3 MOVIMENTOS TEÓRICOS SOBRE DIREITO E DESENVOLVIMENTO

3.1 Movimento Direito e Desenvolvimento

Os estudos e as práticas relacionadas ao Direito e Desenvolvimento ficaram

interrompidos por muitos anos, sendo retomados, de forma gradativa, com a

confluência de alguns fatores históricos: o término da II Guerra Mundial, o início da

Guerra Fria e a independência das colônias europeias na África e na Ásia. Sob

influência dos paradigmas weberianos, trabalhos focados na relação entre direito e

desenvolvimento começaram a ser apresentados.

De maneira geral, o Movimento D&D foi, à época, constituído por

pesquisadores e universidades dos Estados Unidos, que pretendiam, a partir de

experiências práticas de programas de assistência internacional voltados para

países em desenvolvimento, consolidar um arcabouço teórico robusto, com vistas a

explicar a relação entre direito e desenvolvimento e a identificar os instrumentos

jurídicos apropriados. David Trubek e Marc Galanter esclarecem:

Embora alguns acadêmicos norte-americanos já estudassem o direito dos países do Terceiro Mundo antes da década de 1960, neste período pode-se assistir à expansão substancial deste esforço: uma preocupação explícita com a relação entre o direito e o processo de desenvolvimento e uma tentativa de organizar esforços distintos em uma espécie de 'campo' acadêmico. (1974, p. 127)

Para evitar equívocos, David Trubek, em seu artigo “Para uma teoria social do

direito: um ensaio sobre o estudo de direito e desenvolvimento”, publicado

originalmente em 1972 (b, p. 52), com críticas ao mainstream então dominante,

sintetizou que o Movimento D&D buscou compreender a função do direito nos

países de “Terceiro Mundo”, a saber: “aquelas nações que ainda não alcançaram,

mas aspiram, de modo geral, ao crescimento econômico autossustentável.”

52

Duncan Kennedy (2006, p. 19) propugnou, então, que “a questão era como as

reformas legais poderiam contribuir para a alavancagem do crescimento

autossustentável [...]”. Pode-se dizer, a propósito, que existia certa ingenuidade nos

acadêmicos envolvidos, que, sem uma compreensão mais acurada do período

histórico vivenciado, acreditavam que os ideais subjacentes ao Movimento D&D

visavam, exclusivamente, ao desenvolvimento das nações periféricas.

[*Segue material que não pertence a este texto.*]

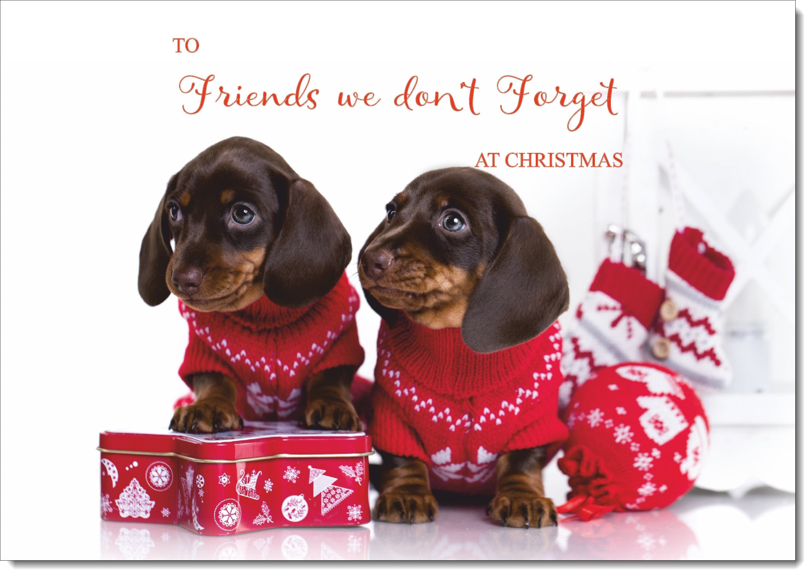 Friends We Don't Forget Christmas Card Dachshund Puppies in Christmas Jumpers

Neste contexto, explicitou-se, a propósito, que o esforço dos acadêmicos

norte-americanos em delimitar um campo específico de pesquisas foi decisivamente

impulsionado pelos projetos conduzidos por agências do governo dos Estados

Unidos e por fundações privadas norte-americanas focadas, em tese, no

desenvolvimento, que expandiram seus programas de assistência internacional para

diversos países menos favorecidos:

A assistência ao desenvolvimento teve início em um período de ascensão da retórica e da política da Guerra Fria. A elite norte-americana e os responsáveis por formular as políticas que orientaram as ações na arena internacional viam o […] direito […] como uma das características fundamentais que distinguiam os Estados Unidos das nações comunistas. (TRUBEK; GALANTER, 1974, p. 159-160)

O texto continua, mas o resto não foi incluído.